The Problem: 10 Years of Digital Hoarding

After a decade at SAP, I was drowning in resources. My solution? Browser bookmarks that grew into an unmanageable mess. When Chrome introduced Tab Groups, I thought I'd found salvation—until I realized I was maintaining 200+ tabs across multiple groups. The anxiety from my digital FOMO was worse than ever.

Back to Basics (With a Twist)

I returned to curated bookmarks but with a new goal: create a "PM Toolbox" that I could easily maintain and share with colleagues across the organization. I built a clean bookmark folder and mirrored it on a wiki page.

The Maintenance Nightmare

Within weeks, reality hit: my bookmark folder evolved constantly, requiring manual wiki updates. Chrome's bookmark export format (the ancient Netscape standard) made extracting subsets error-prone and frustrating. I needed automation.

First Attempt: GenAI Fails the Coding Test

I tried using Claude 4.5 Sonnet through GenAI-XL. Despite multiple attempts, it couldn't handle Chrome's non-standard HTML format. It kept reaching for HTML parsing libraries that failed, then suggested an obscure Netscape parser that violated SAP standards. Dead end.

Second Attempt: GitHub Copilot Nails It

The next day, I switched to VSCode with GitHub Copilot. Here's what changed:
  1. I wrote clear requirements in a `.github/copilot-instructions.md` file, specifically calling out the Netscape format complexity
  2. Copilot enhanced my requirements, suggesting testing coverage and documentation guidelines (80% of the final instructions came from Copilot)
  3. I switched to Agent mode and prompted: "Please create the missing files. Do not reference public code in your response." (Critical for enterprise compliance)
The result? A complete, working script—instantly.

But it got better. When I asked for a second script to generate Confluence tables, Copilot:
  • Created the implementation
  • Built the test suite when I requested it
  • Ran the tests autonomously, discovered bugs, and fixed them—all without me asking
I was genuinely amazed.

Key Takeaways

1. Match the Tool to the Task

  • General AI (like Claude): Excellent for brainstorming, requirements refinement, and PM tasks
  • Specialized coding AI (like GitHub Copilot): Purpose-built for implementation and testing

2. Clear Requirements Are Non-Negotiable

Both attempts used AI, but only the second succeeded because I provided structured, detailed requirements upfront.

3. Embrace Test-Driven Development

Even with AI assistance, automated testing is essential. Copilot's self-correction only worked because tests exposed the bugs immediately.

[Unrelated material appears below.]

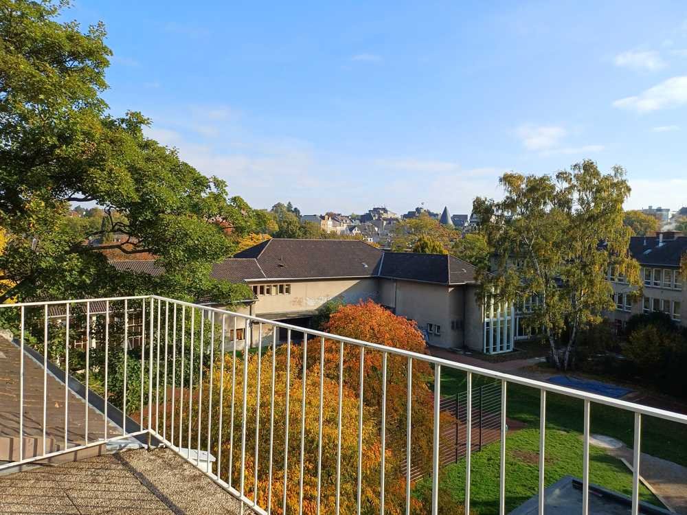 Die komplett neu renovierte Wohnung befindet sich im 3. Geschoss (Dachgeschosswohnung) und wird bis Ende Oktober fertig gestellt sein. Helle, lichtdurchflutete Räume kennzeichnen die Wohnung aus. Der Balkon zeigt ins Grüne und von dort, von Küche und Wohnzimmer hat man einen wunderschönen Blick auf den Abteiberg. Zu Wohn-, Schlaf- und Arbeitszimmer gehören noch Diele, Bad und Küche. An verschiedenen Stellen befindet sich eine leichte Schräge (eingezeichnet im Grundriss).

4. Simple Solutions Often Win

Sometimes the answer isn't a shinier tool—it's going back to basics (curated bookmarks) with smart automation layered on top.

The Bottom Line

AI coding assistants aren't magic—they're power tools. Like any tool, they require the right context, clear instructions, and quality controls. When you provide those, the results can be transformative.

For PMs and non-developers: you don't need to be a coder to automate your work. You just need to understand your requirements so you can clearly write them down and choose the AI tool designed for the job.